- YOUR TASK
Exactly as they appear, retype the lines from the one containing "座学とは異なり、作業の進度に" through the final line of the data below. Leave pictures out.

- RECORDS TO USE
——————————

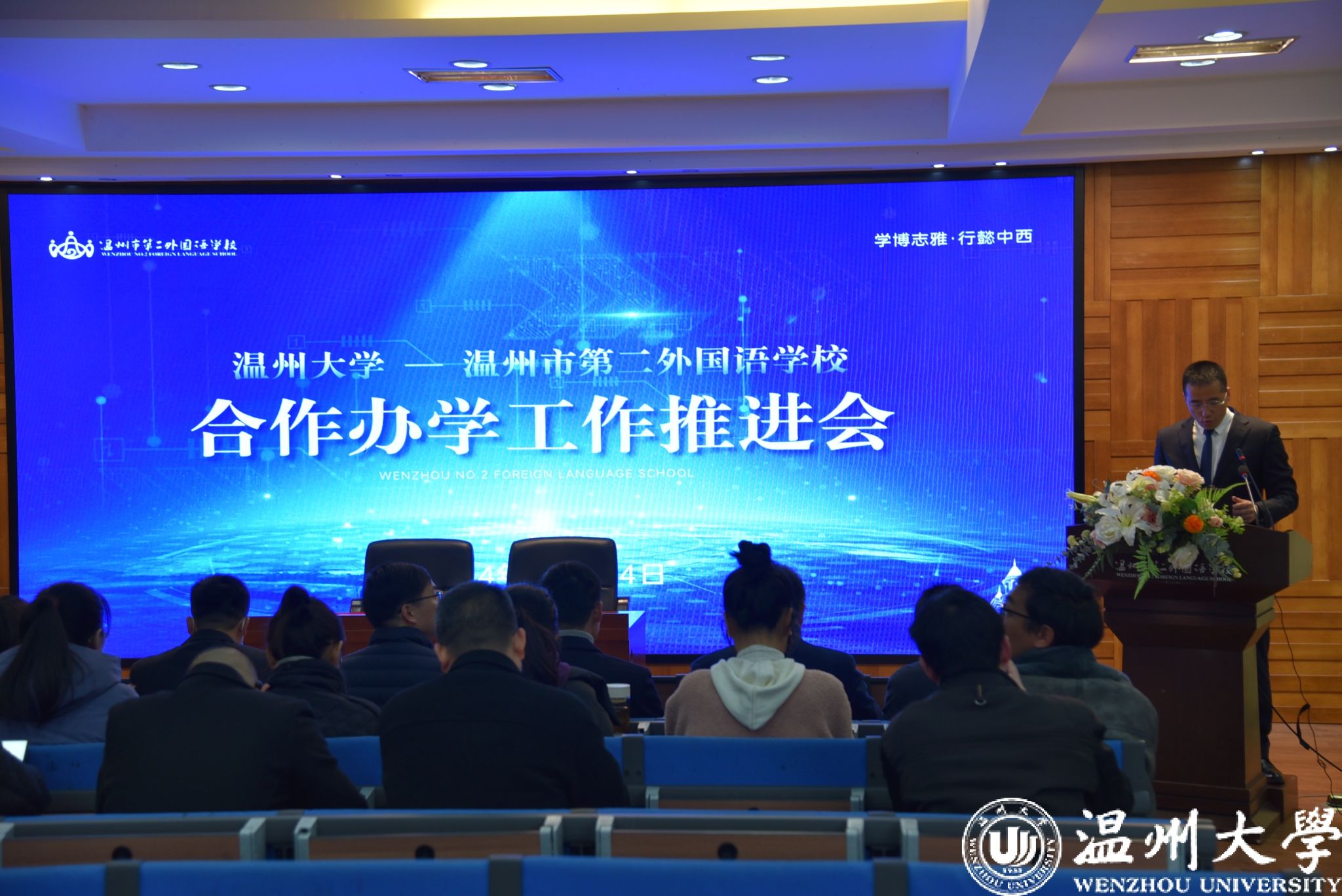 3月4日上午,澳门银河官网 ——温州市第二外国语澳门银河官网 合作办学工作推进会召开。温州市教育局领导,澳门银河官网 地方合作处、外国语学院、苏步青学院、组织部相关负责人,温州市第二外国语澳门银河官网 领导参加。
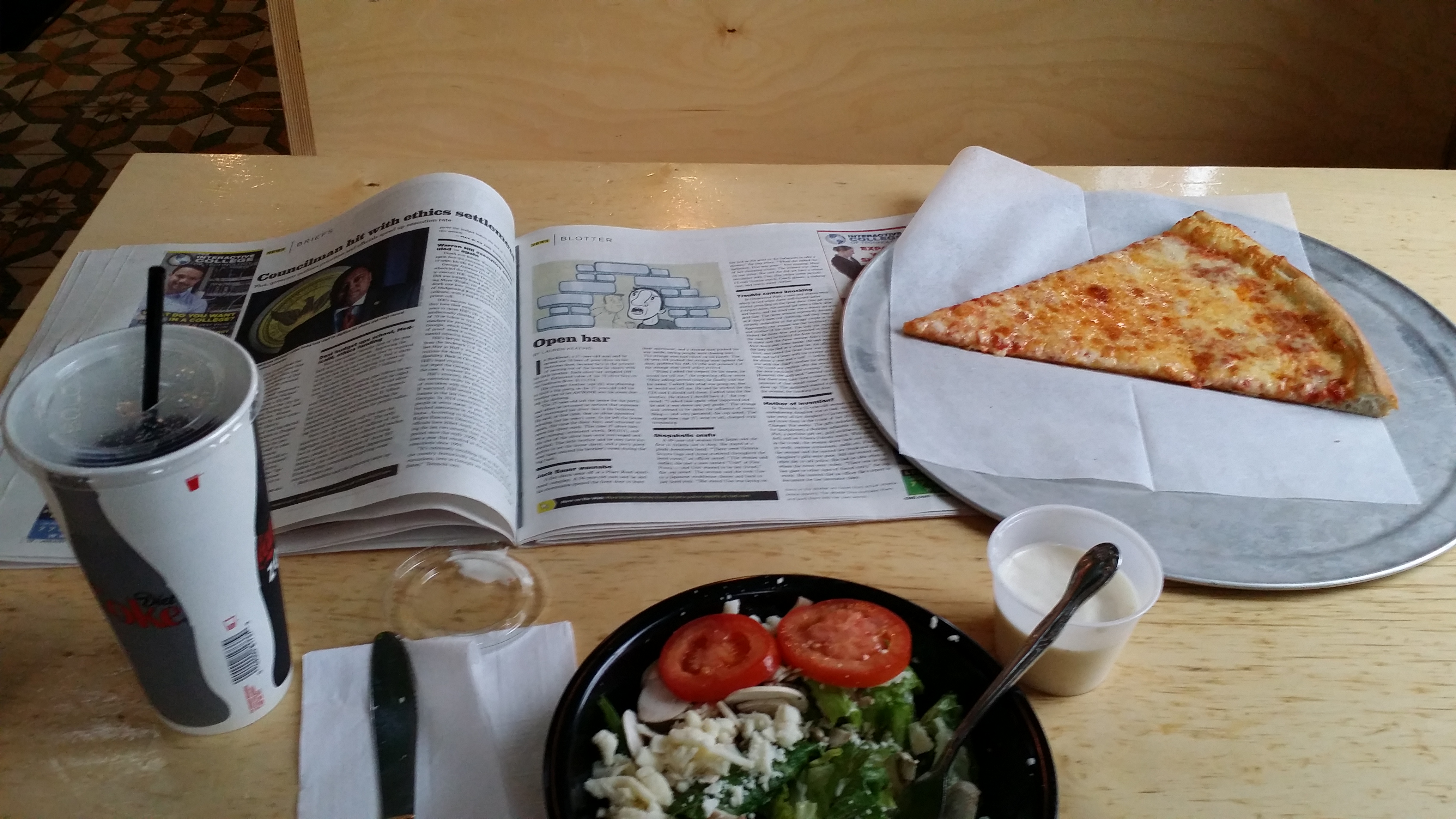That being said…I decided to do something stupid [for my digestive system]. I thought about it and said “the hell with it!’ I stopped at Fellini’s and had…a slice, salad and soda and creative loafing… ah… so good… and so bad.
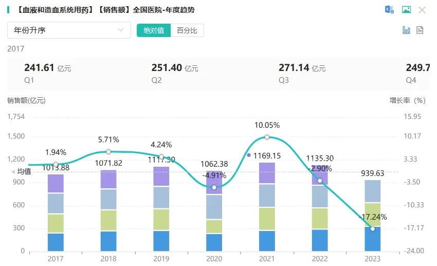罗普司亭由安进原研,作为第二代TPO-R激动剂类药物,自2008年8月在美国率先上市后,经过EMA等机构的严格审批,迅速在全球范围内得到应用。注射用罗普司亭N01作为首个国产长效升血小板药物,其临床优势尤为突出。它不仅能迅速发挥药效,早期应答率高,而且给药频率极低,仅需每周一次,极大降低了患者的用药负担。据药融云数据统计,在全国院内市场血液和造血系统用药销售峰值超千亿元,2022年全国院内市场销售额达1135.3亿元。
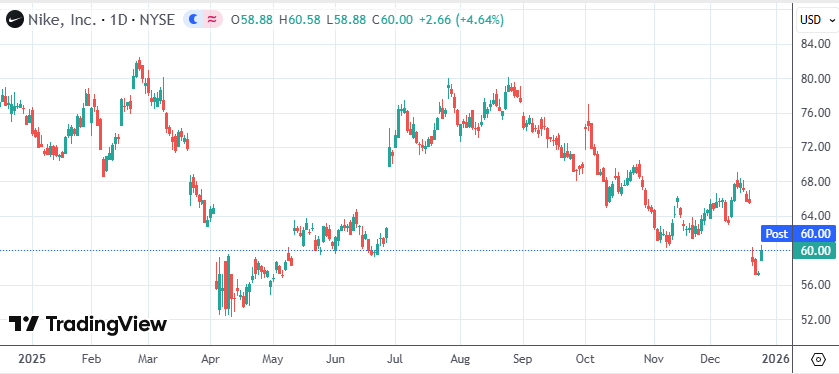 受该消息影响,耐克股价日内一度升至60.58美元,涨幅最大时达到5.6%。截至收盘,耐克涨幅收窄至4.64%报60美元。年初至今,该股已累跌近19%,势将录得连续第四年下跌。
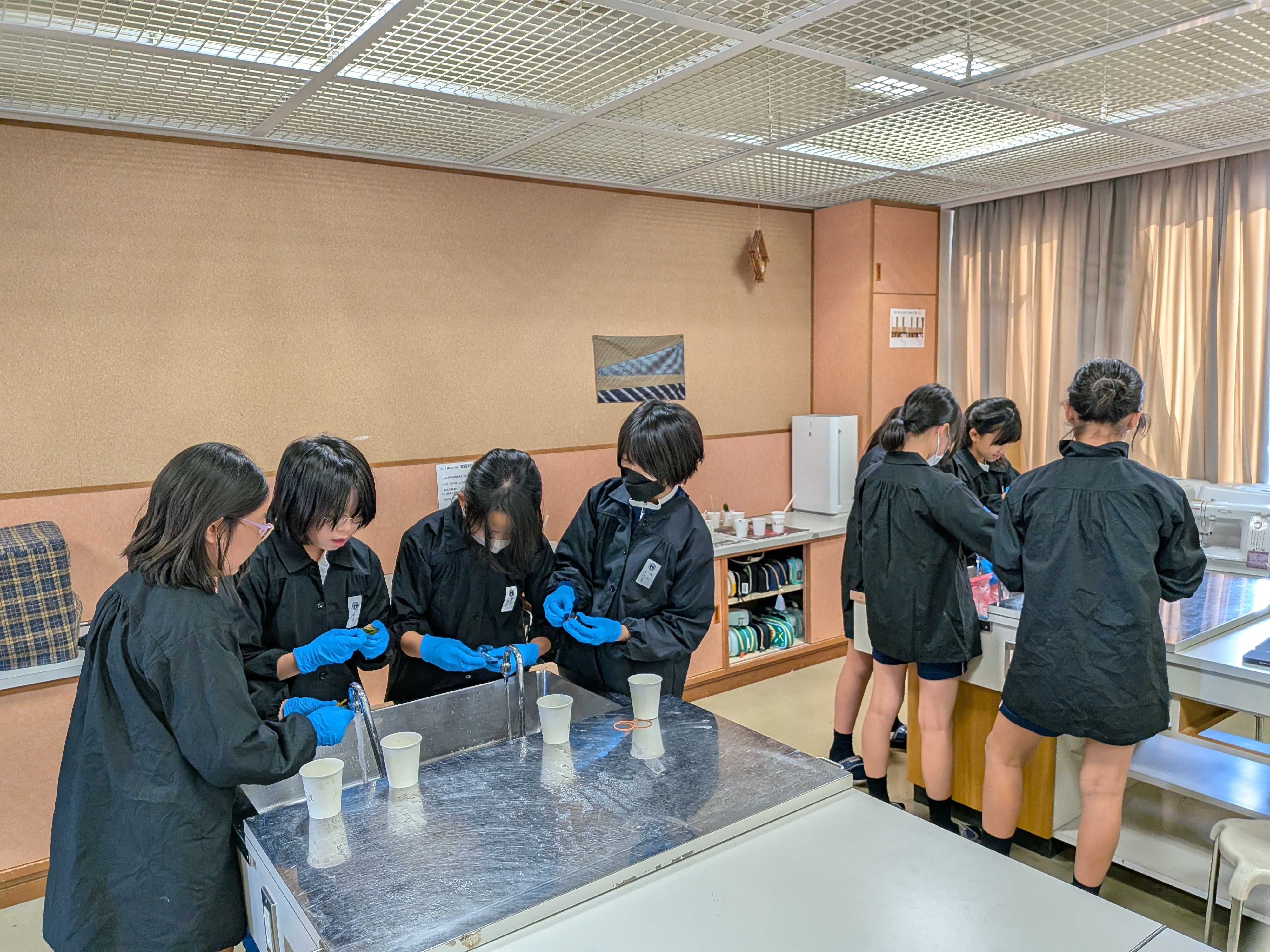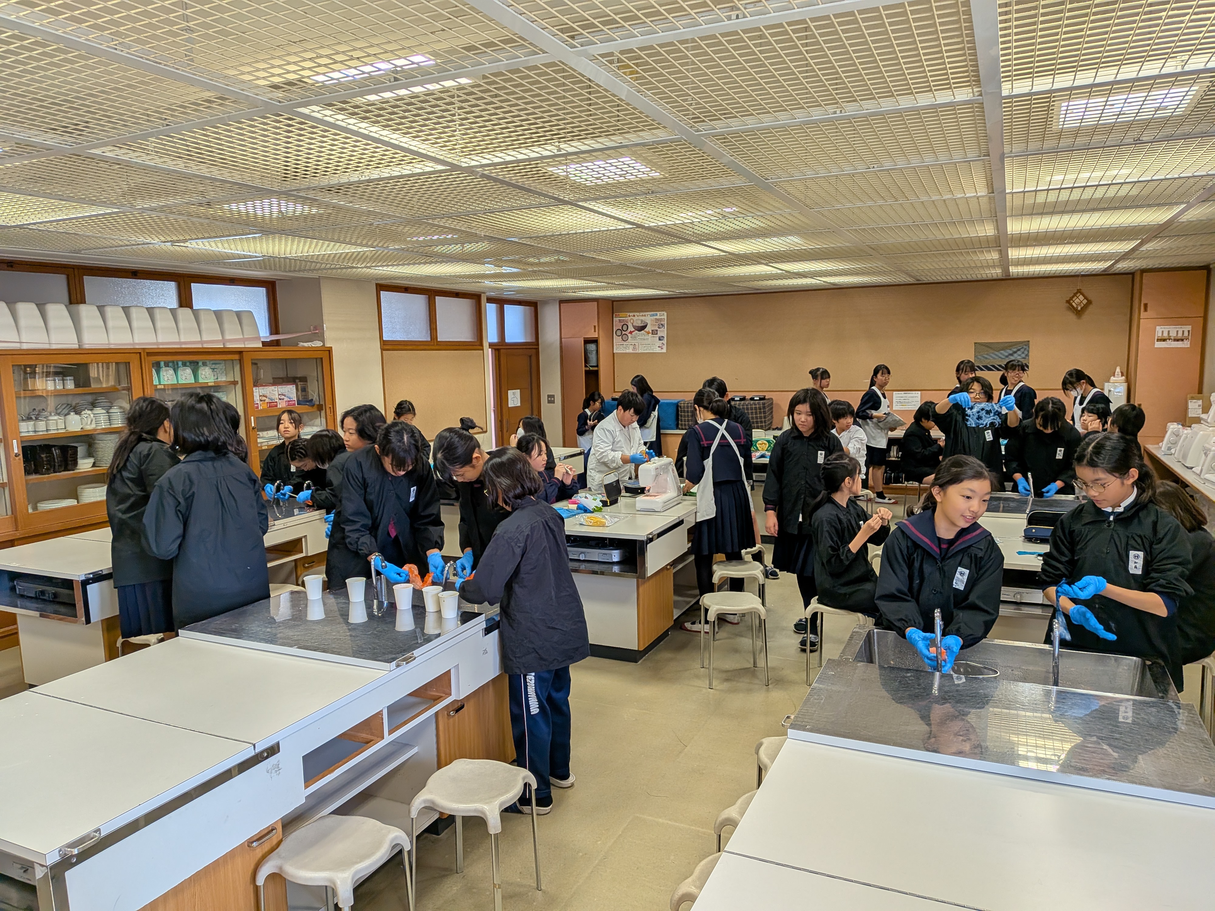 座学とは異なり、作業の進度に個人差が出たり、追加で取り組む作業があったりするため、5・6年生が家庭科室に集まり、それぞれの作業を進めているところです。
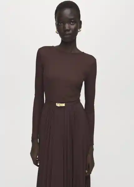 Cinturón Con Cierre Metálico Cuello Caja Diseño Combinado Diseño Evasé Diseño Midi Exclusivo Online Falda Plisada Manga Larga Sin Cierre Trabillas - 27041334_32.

——————————

- EXERCISE SOLUTION
 座学とは異なり、作業の進度に個人差が出たり、追加で取り組む作業があったりするため、5・6年生が家庭科室に集まり、それぞれの作業を進めているところです。
 Cinturón Con Cierre Metálico Cuello Caja Diseño Combinado Diseño Evasé Diseño Midi Exclusivo Online Falda Plisada Manga Larga Sin Cierre Trabillas - 27041334_32.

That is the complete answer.